Only an exact copy of the lines from the one containing "PROLOGY RX-8 KRAKEN" through the last line of the material below belongs in the answer, with no pictures.

_INPUT DATA_:
-=-=-
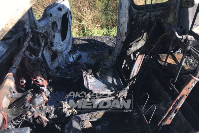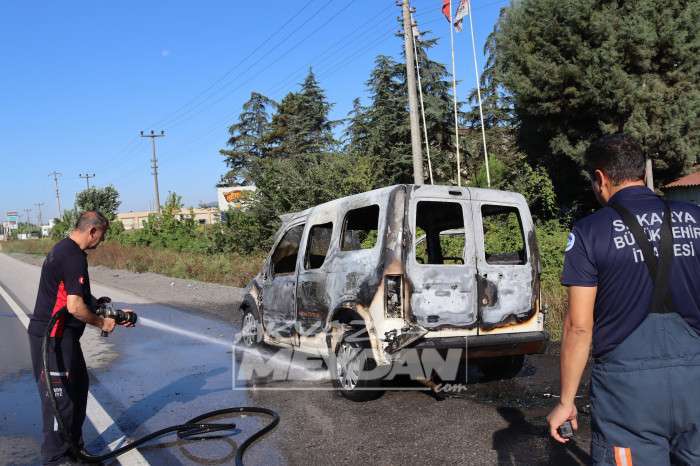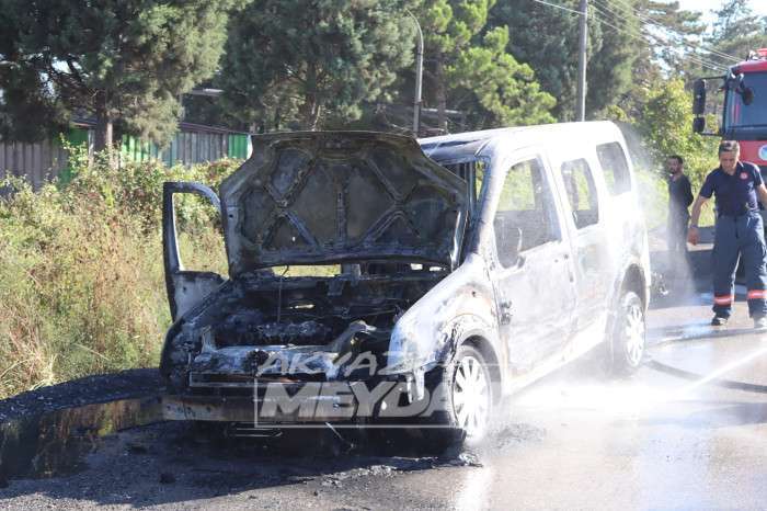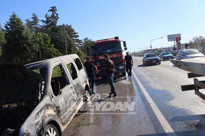 D100 karayolunda seyreden hafif ticari araç bir anda alevlere teslim oldu.
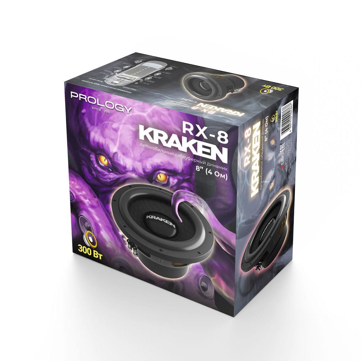 PROLOGY RX-8 KRAKEN — автомобильный сабвуферный динамик 200 мм (8"), мощность 120 Вт (RMS), 4 Ом.
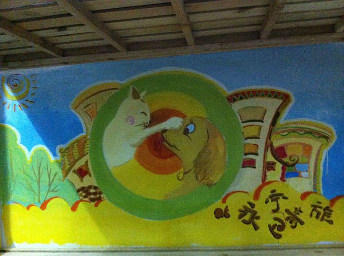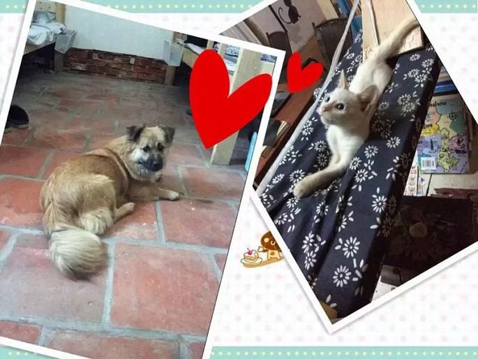 而后应店长的要求我画了青旅里面的两只动物,一只狗夭夭,还有一只猫咪灼灼,这两只是店长很喜欢的,所以我把它们画在一起了,相亲相爱的猫咪和狗狗。哈哈
-=-=-
_RESULT FOR THIS EXERCISE_:
 PROLOGY RX-8 KRAKEN — автомобильный сабвуферный динамик 200 мм (8"), мощность 120 Вт (RMS), 4 Ом.
 而后应店长的要求我画了青旅里面的两只动物,一只狗夭夭,还有一只猫咪灼灼,这两只是店长很喜欢的,所以我把它们画在一起了,相亲相爱的猫咪和狗狗。哈哈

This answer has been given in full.